Kendi dolarını satıp bunu swapla geri alıp kasana koyunca hiçbir şey değişmemiş mi oluyor? Swaplardan kaynaklanan yükümlülükleri bilanço içinde değil dışında gösterince bunun bir borç olduğu gerçeğini ortadan kaldırmış mı oluyorsunuz? Eğer gerçekten de kaybolan bir şey yoksa o 128 milyar doları yerine koyun da hep birlikte görelim.
Tüm bu yalan rüzgârın içinde iktidarın sorulmasını istemediği bir aşka soru var. Milletin hazinesindeki dövizi ortalama 6.20 liradan satan bu iktidar bugün 8.1 lira olan döviz kuru dolayısıyla kimin veya kimlerin cebine 250 milyar lira koydu? Temel soru budur."

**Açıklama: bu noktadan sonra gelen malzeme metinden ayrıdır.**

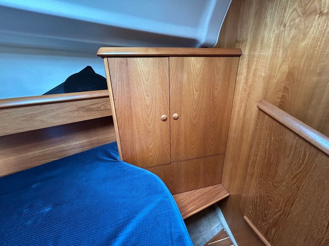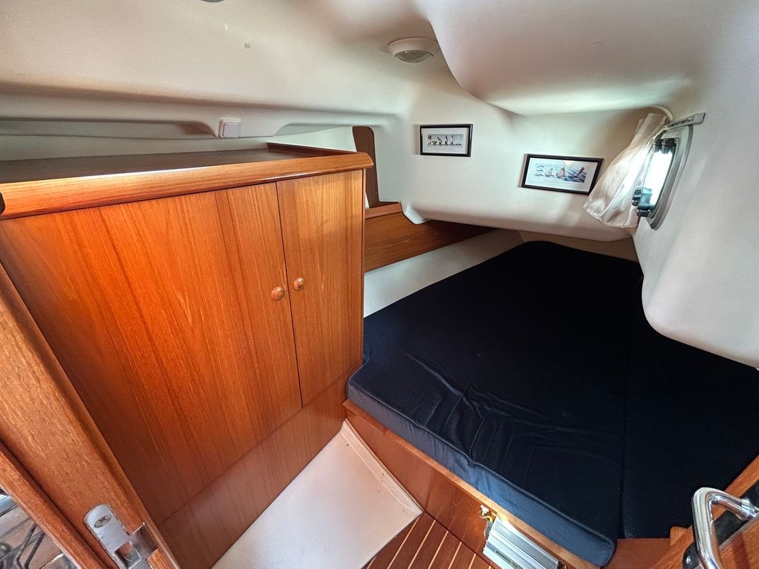 Spaces Saloon Separate Dining area Engine room Cabins 2 Saloon Decoration Type interior Classic, warm Color upholstery blue Mattresses Curtains Water Water tank & material Capacity 320 litre Water tank material plastic Water tank gauge Water system pressure Hot water Deck Shower Plumbing Toilets 1 Manual Entertainment Radio/CD player Kitchen Cooker & fuel Number 2 Cooking fuel gas Oven Fridge & power source Capacity 150 litre Power source electric Climate control hot air -
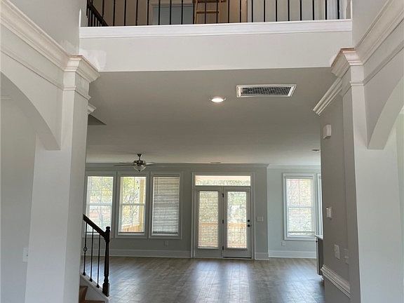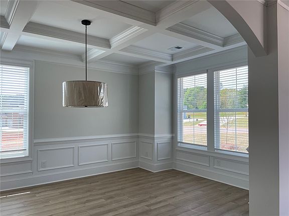 The Rutledge II is a beautiful five bedroom, three-and-one-half bathroom, three-car garage home with an open plan featuring luxury vinyl flooring on the main level. This wonderful home also has a full walk out, unfinished basement! The two-story foyer leads you to the formal dining room with a coffered ceiling and formal living room. The large great room with a gorgeous fireplace is open to the kitchen and eat-in area and has wonderful views of the pond behind the home. This space is perfect for entertaining friends and family or hosting those special holidays! The kitchen features a corner pantry, large island, quartz countertops, and stainless gourmet appliances. A guest suite with a full bath and walk-in closet is also located downstairs. Upstairs all secondary bedrooms have large walk-in closets. The primary suite features a sitting area, three (3) walk-in closets, a soaking tub, shower, and water closet. A large bonus room-perfect for a home theater/game room and laundry room with storage cabinets are also located upstairs. Smart home automation package and CAT 5 wiring makes this home ready for the future! Call today to make this beautiful home yours! Midway Farms
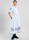 A midi dress featuring an intricate black thread embroidery, notched lapels and an elasticated waist. The model is 5'6 and is wearing size S.

'Kaliteli yaşamak için vergi ödemiyoruz, vergi ödemek için kalitesiz yaşıyoruz'
Akşener, vergiler konusunda da hükümete birtakım eleştiriler yöneltti. "Partili cumhurbaşkanının son icraatı 'canım istedi vergisi' 1923'ten 2002 yılına kadar toplanan vergi 1.89 trilyon lira. AK Parti'ni iktidarında toplanan vergi ise 3.1 trilyon lira" diyen Akşener, devamında "Vergilerden sonra elimizde kalan paranın yarısını yine vergiye ödüyoruz. Bu durumda hazinenin kasasının dolup taşmasını bekleriz. Bu kadar ağır vergilere rağmen bunları bulamıyoruz. Kaliteli yaşamak için vergi ödemiyoruz, vergi ödemek için kalitesiz yaşıyoruz" ifadesini kullandı.